Problem statement »
Every entry should be repeated exactly. Omit the pictures.

Records for this task »
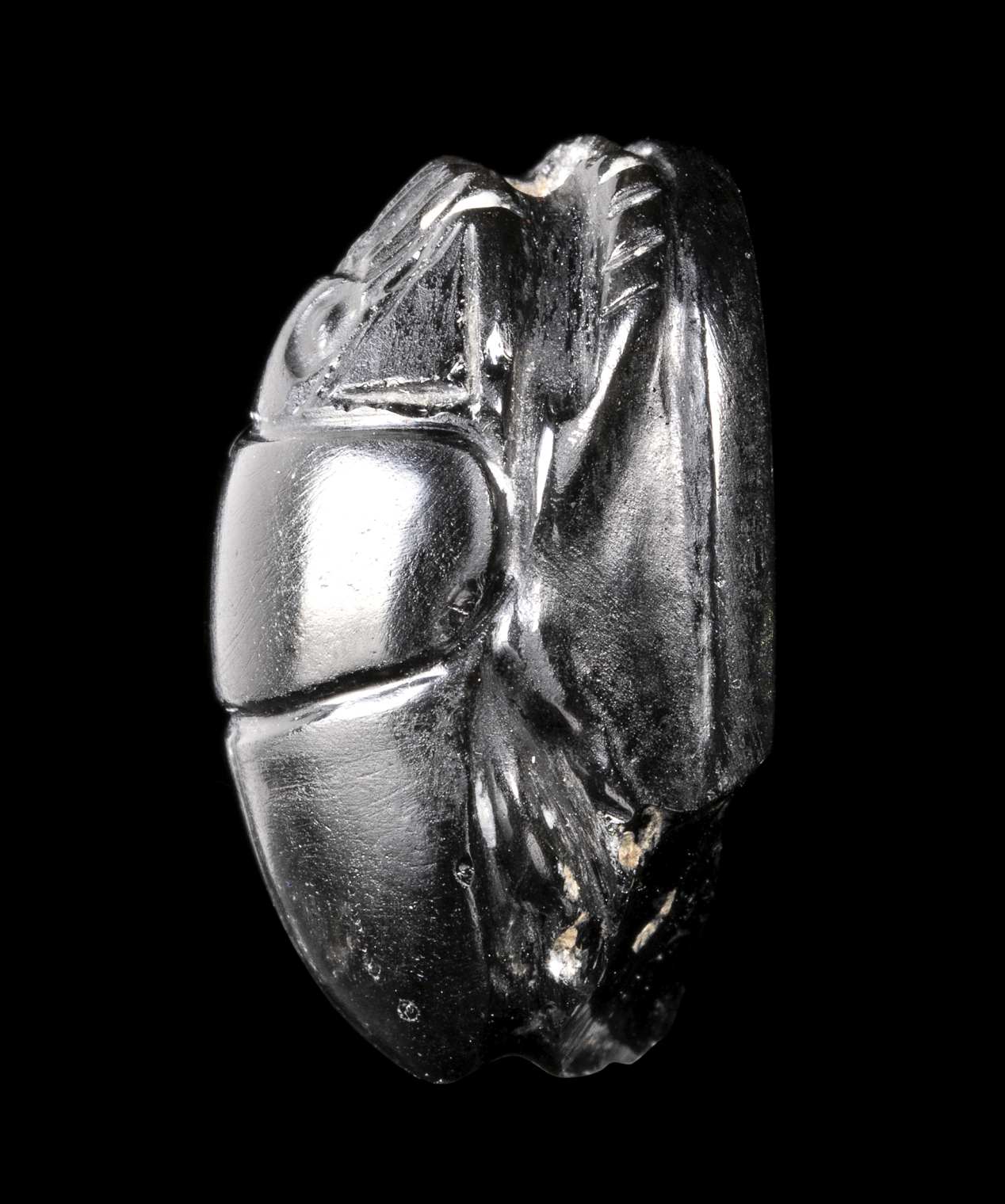 The back engraved in a stylized manner for the anatomical details. The reverse shows Bes encrowned standing front, holding ibex on each hand (as Master of the Animals),on top the winged solar disc. Under his feet, crocodiles (partially missing). The stone is damaged with a missing part. Wear marks. Rare.
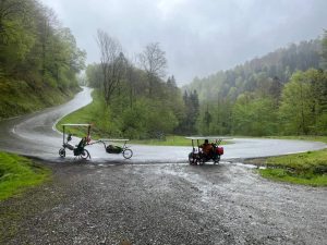 Ils se battent et tachent de garder le moral : « Je suis cuit, la journée d’aujourd’hui a été la plus difficile qui soit !« , nous dit Luciano Trumpler. Pour Jean-Louis Mérelle « le moral remonte et les belles rencontres se multiplient« , et même Patrice Plozner, qui pointe en dernière position après son choix de passer par le sud trouve de l’espoir « Enfin trouvé un soleil pérenne. Toujours dur de stocker. Mais demain je suis quasiment certain que j’aurais du soleil au réveil. Enfin une bonne journée pour me rapprocher du col« . D’autres restent groupés pour se soutenir « On roule à quatre et ça fait l’accordéon plusieurs fois dans la journée quand on n’est pas trop loin des uns des autres c’est beau à voir ces engins« , précise Richard Defay.
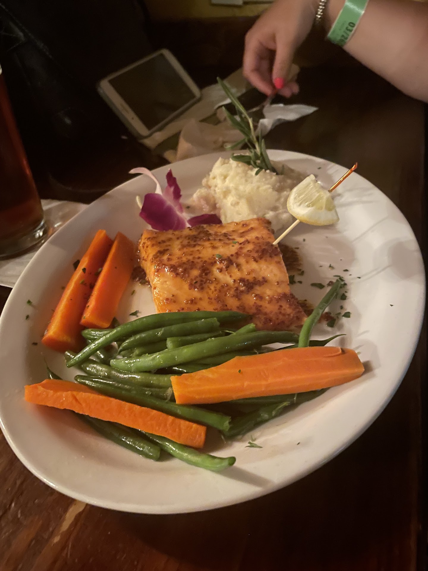 Now it gets worse. The food wasn't good. The Boxty pancake was and soggy, rubbery and tasteless. The corned beef and cabbage was small chopped unidentifiable pieces covered in some gloopy sauce. The salmon was OK if a little overcooked and dry. The mussels were OK but the normally flavorful broth tasted awful. The chicken pot pie was smaller than a frozen Banquet TV dinner and after picking through half of it I found one small piece of chicken. Also the sides, mashed potatoes, green beans and carrots were still barely warm. We were starving so we picked through and ate what we could but my friends, who live nearby and eat there regularly kept saying how bad the food was.
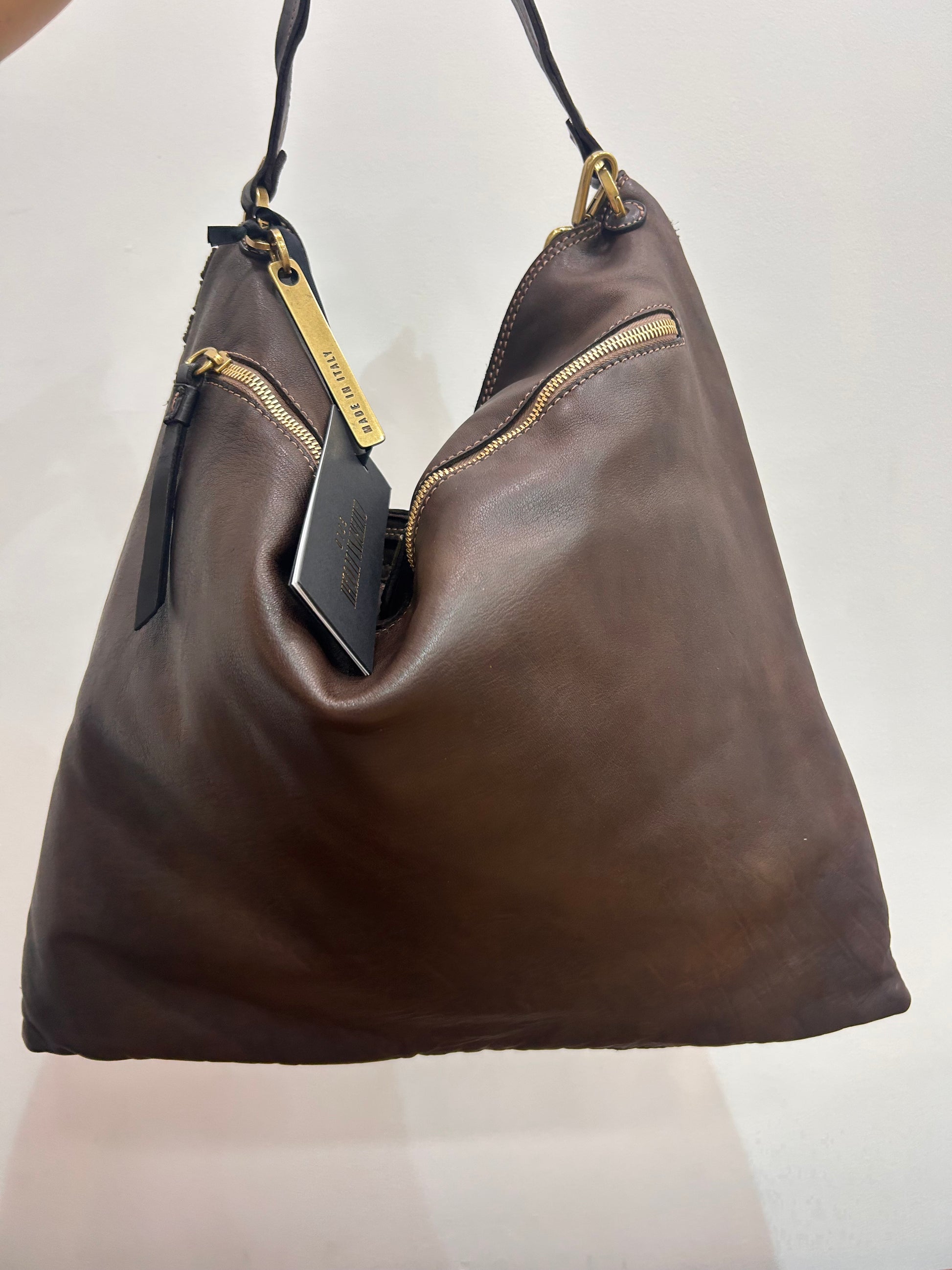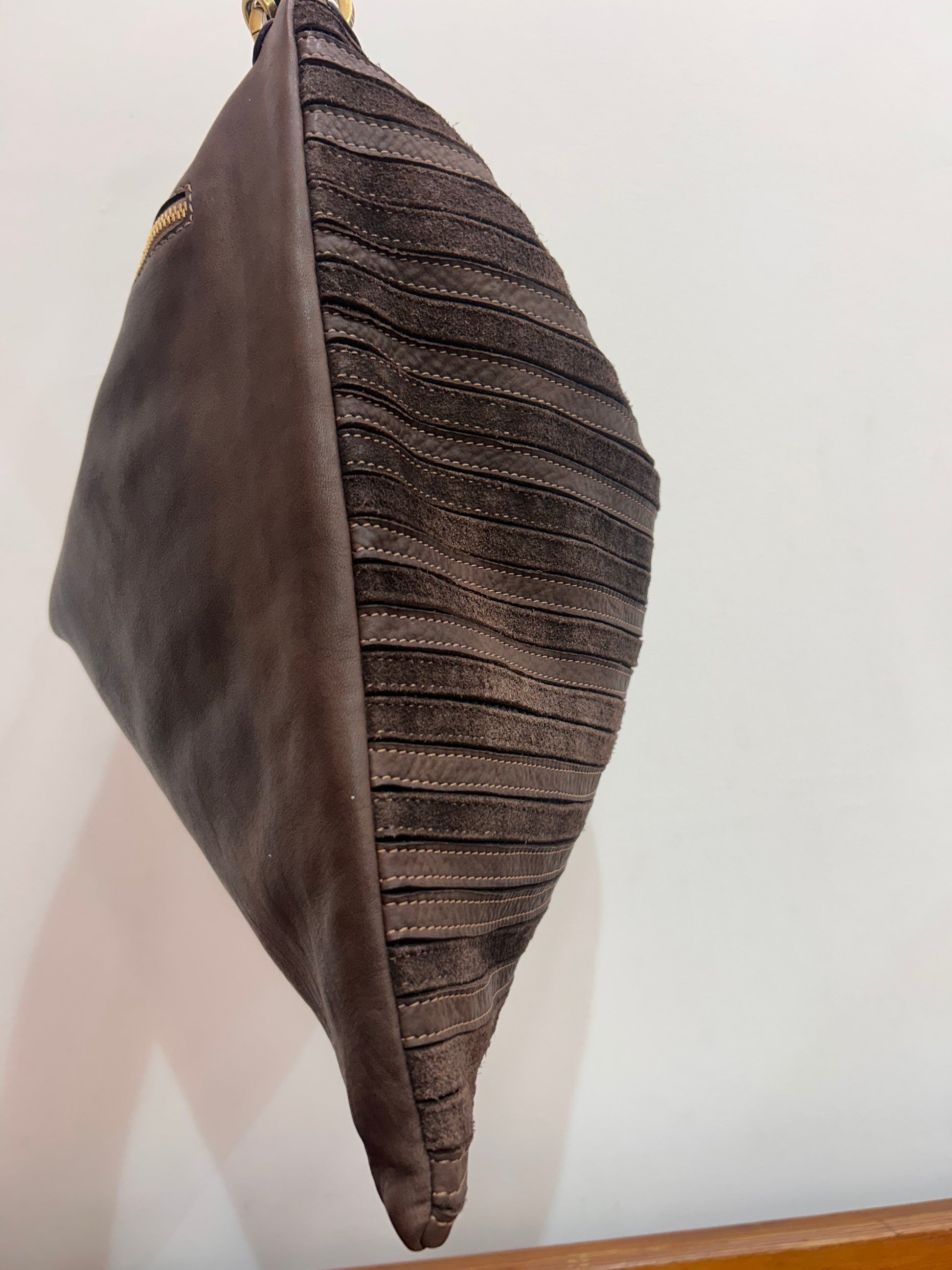 Stripes of leather across the front of this bag in contrast finishes. Short shoulder and longer strap. Zip to close.
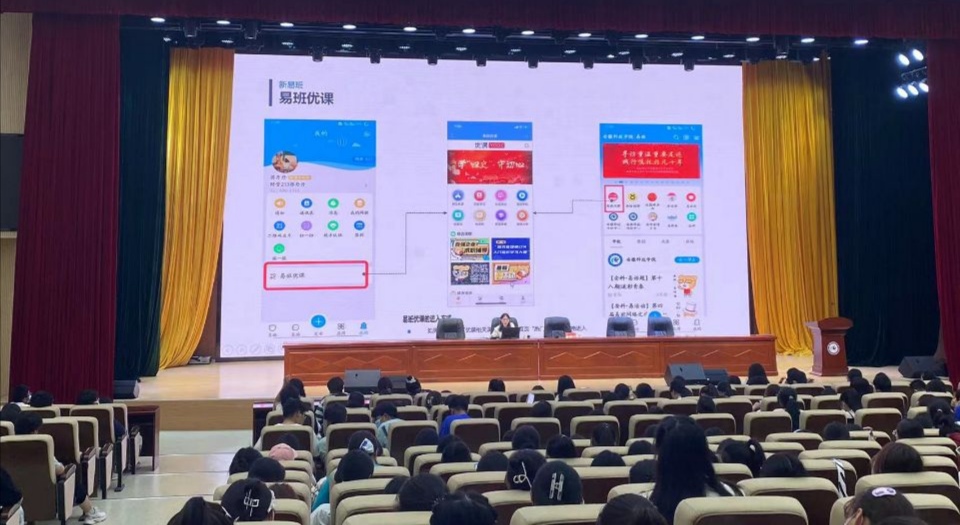 蒋丹丹首先向全体新生介绍了学院易班建设的现状、创新举措与所取得的成效。他表示,财经学院易班建设始终坚持以“引得来学生关注、留得下学生驻足、走得进学生心里、记得下成长轨迹、育得了时代新人、积得下样板经验”为目标,以“思想建设、服务管理、学习拓展、活动搭建”为抓手,积极探索易班网络育人的特色做法。随后,她结合教育部易班发展中心新出品的《易班APPv5.0产品手册》,全面细致的演示了易班各个功能模块的操作方法。她强调,每位新生都要高质量完成易班优课新生入学教育课群视频学习,高标准完成在线考试,将易班平台当成了解大学、适应大学的“好助手”。
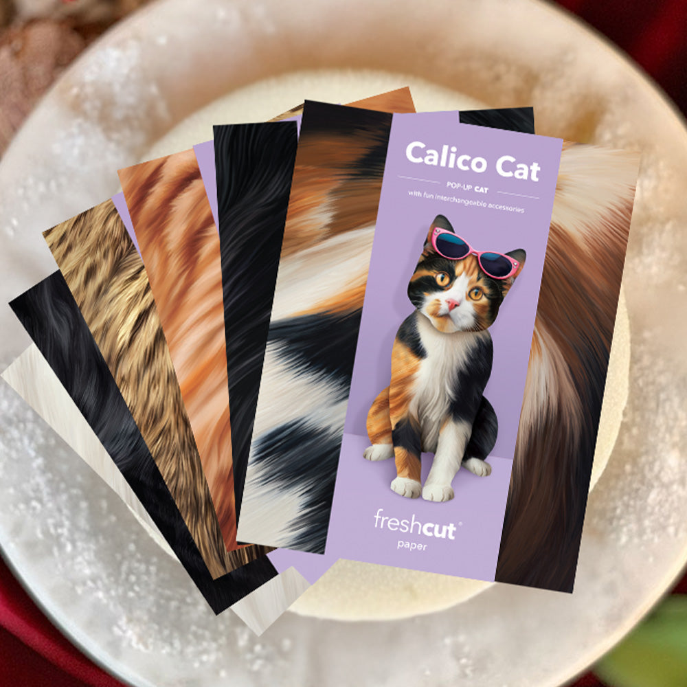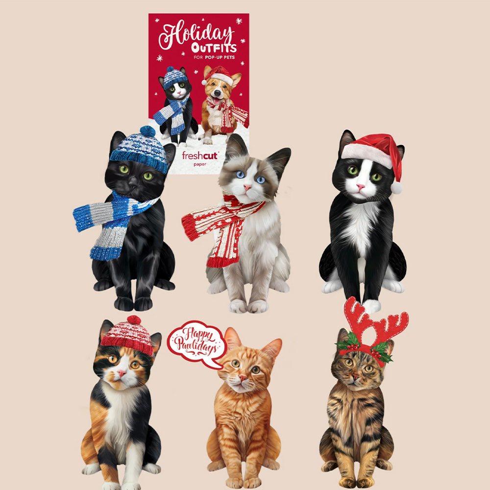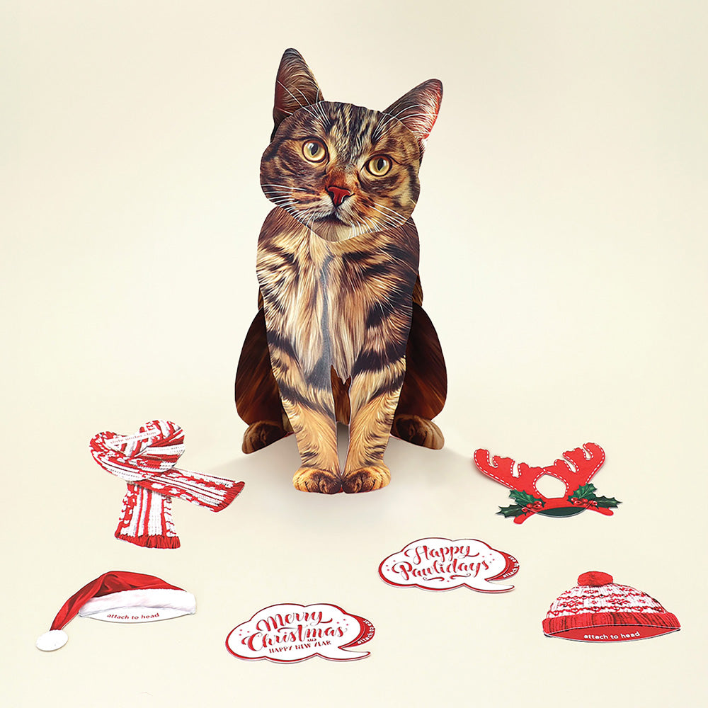 - Holiday Brown Tabby: Bring some festive joy to your holiday celebrations with FreshCut Paper’s Pop-Up Brown Tabby Cat! Each adorable pop-up cat features two selections of charming interchangeable accessories: one holiday-themed, the other for the everyday. You’ll also receive a beautifully decorated mailing envelope and a matching notecard. For an extra personal touch, you can add a customizable speech bubble, perfect for sharing cheerful messages with your loved ones. Measures 10" high by 5.5" across.

Solution to this problem »
 The back engraved in a stylized manner for the anatomical details. The reverse shows Bes encrowned standing front, holding ibex on each hand (as Master of the Animals),on top the winged solar disc. Under his feet, crocodiles (partially missing). The stone is damaged with a missing part. Wear marks. Rare.
 Ils se battent et tachent de garder le moral : « Je suis cuit, la journée d’aujourd’hui a été la plus difficile qui soit !« , nous dit Luciano Trumpler. Pour Jean-Louis Mérelle « le moral remonte et les belles rencontres se multiplient« , et même Patrice Plozner, qui pointe en dernière position après son choix de passer par le sud trouve de l’espoir « Enfin trouvé un soleil pérenne. Toujours dur de stocker. Mais demain je suis quasiment certain que j’aurais du soleil au réveil. Enfin une bonne journée pour me rapprocher du col« . D’autres restent groupés pour se soutenir « On roule à quatre et ça fait l’accordéon plusieurs fois dans la journée quand on n’est pas trop loin des uns des autres c’est beau à voir ces engins« , précise Richard Defay.
 Now it gets worse. The food wasn't good. The Boxty pancake was and soggy, rubbery and tasteless. The corned beef and cabbage was small chopped unidentifiable pieces covered in some gloopy sauce. The salmon was OK if a little overcooked and dry. The mussels were OK but the normally flavorful broth tasted awful. The chicken pot pie was smaller than a frozen Banquet TV dinner and after picking through half of it I found one small piece of chicken. Also the sides, mashed potatoes, green beans and carrots were still barely warm. We were starving so we picked through and ate what we could but my friends, who live nearby and eat there regularly kept saying how bad the food was.
 Stripes of leather across the front of this bag in contrast finishes. Short shoulder and longer strap. Zip to close.
 蒋丹丹首先向全体新生介绍了学院易班建设的现状、创新举措与所取得的成效。他表示,财经学院易班建设始终坚持以“引得来学生关注、留得下学生驻足、走得进学生心里、记得下成长轨迹、育得了时代新人、积得下样板经验”为目标,以“思想建设、服务管理、学习拓展、活动搭建”为抓手,积极探索易班网络育人的特色做法。随后,她结合教育部易班发展中心新出品的《易班APPv5.0产品手册》,全面细致的演示了易班各个功能模块的操作方法。她强调,每位新生都要高质量完成易班优课新生入学教育课群视频学习,高标准完成在线考试,将易班平台当成了解大学、适应大学的“好助手”。
 - Holiday Brown Tabby: Bring some festive joy to your holiday celebrations with FreshCut Paper’s Pop-Up Brown Tabby Cat! Each adorable pop-up cat features two selections of charming interchangeable accessories: one holiday-themed, the other for the everyday. You’ll also receive a beautifully decorated mailing envelope and a matching notecard. For an extra personal touch, you can add a customizable speech bubble, perfect for sharing cheerful messages with your loved ones. Measures 10" high by 5.5" across.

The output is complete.